***** Records
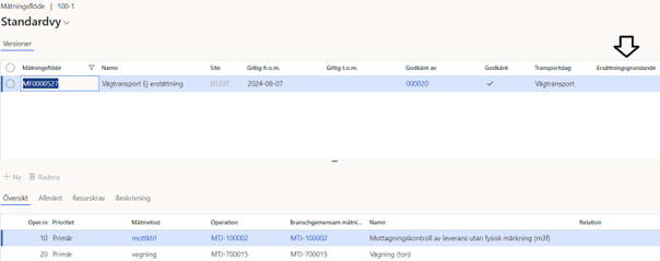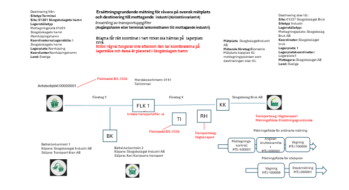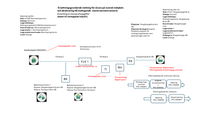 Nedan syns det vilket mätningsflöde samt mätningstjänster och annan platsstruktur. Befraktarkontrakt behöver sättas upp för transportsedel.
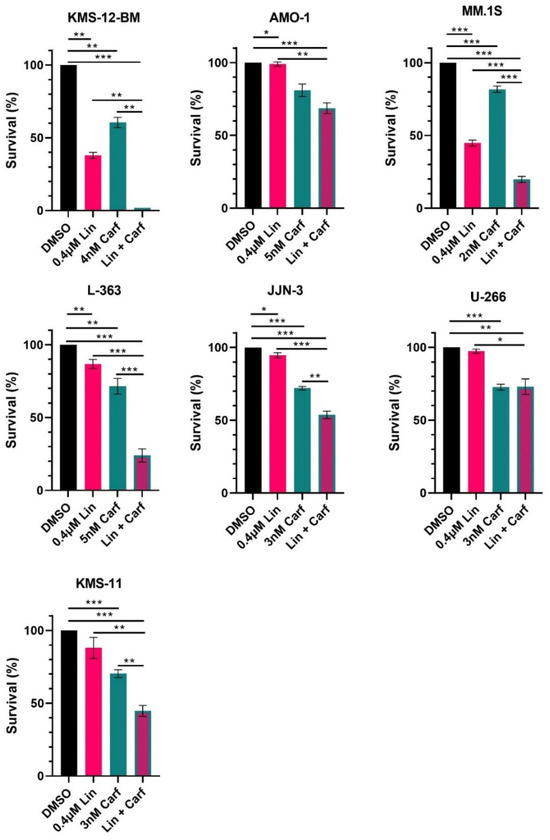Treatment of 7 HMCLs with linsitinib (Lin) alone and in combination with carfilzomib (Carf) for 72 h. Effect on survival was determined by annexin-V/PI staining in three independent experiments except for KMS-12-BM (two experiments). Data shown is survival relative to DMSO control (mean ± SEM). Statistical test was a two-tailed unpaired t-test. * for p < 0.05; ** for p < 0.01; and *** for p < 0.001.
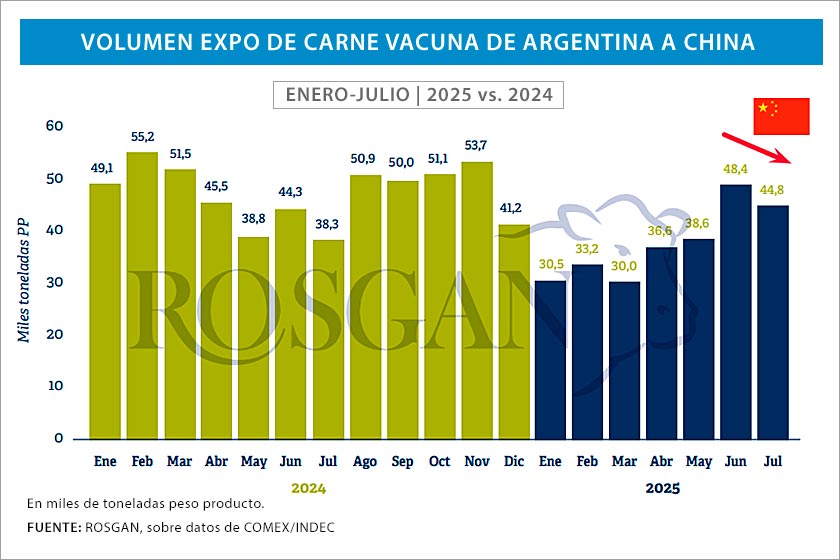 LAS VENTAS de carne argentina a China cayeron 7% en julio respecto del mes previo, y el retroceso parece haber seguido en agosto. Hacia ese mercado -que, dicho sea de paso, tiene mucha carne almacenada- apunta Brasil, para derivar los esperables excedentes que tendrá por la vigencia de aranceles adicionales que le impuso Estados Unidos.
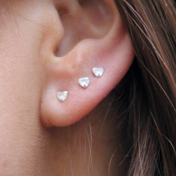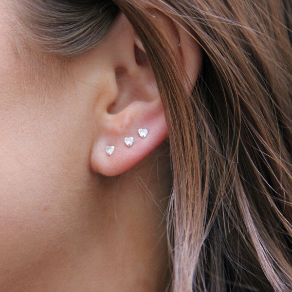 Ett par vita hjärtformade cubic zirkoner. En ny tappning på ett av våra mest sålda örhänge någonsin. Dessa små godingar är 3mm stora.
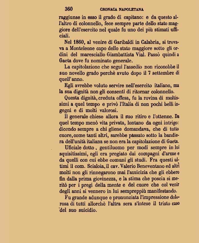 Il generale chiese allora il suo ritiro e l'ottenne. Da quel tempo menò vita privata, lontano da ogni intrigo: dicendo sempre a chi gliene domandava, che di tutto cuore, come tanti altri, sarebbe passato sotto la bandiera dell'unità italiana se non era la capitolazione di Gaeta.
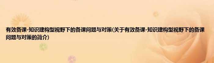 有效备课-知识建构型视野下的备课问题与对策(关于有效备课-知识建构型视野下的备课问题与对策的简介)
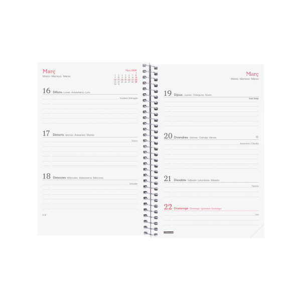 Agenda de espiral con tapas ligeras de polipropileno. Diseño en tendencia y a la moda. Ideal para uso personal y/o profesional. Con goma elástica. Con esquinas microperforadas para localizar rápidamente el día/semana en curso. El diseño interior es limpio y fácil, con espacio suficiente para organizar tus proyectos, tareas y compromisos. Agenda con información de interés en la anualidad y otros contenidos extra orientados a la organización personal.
**********
Assignment — Nothing but an exact copy belongs in the answer: the lines from the top of the records through the line containing "Ett par vita", minus the pictures.

Exercise answer —
 Nedan syns det vilket mätningsflöde samt mätningstjänster och annan platsstruktur. Befraktarkontrakt behöver sättas upp för transportsedel.
Treatment of 7 HMCLs with linsitinib (Lin) alone and in combination with carfilzomib (Carf) for 72 h. Effect on survival was determined by annexin-V/PI staining in three independent experiments except for KMS-12-BM (two experiments). Data shown is survival relative to DMSO control (mean ± SEM). Statistical test was a two-tailed unpaired t-test. * for p < 0.05; ** for p < 0.01; and *** for p < 0.001.
 LAS VENTAS de carne argentina a China cayeron 7% en julio respecto del mes previo, y el retroceso parece haber seguido en agosto. Hacia ese mercado -que, dicho sea de paso, tiene mucha carne almacenada- apunta Brasil, para derivar los esperables excedentes que tendrá por la vigencia de aranceles adicionales que le impuso Estados Unidos.
 Ett par vita hjärtformade cubic zirkoner. En ny tappning på ett av våra mest sålda örhänge någonsin. Dessa små godingar är 3mm stora.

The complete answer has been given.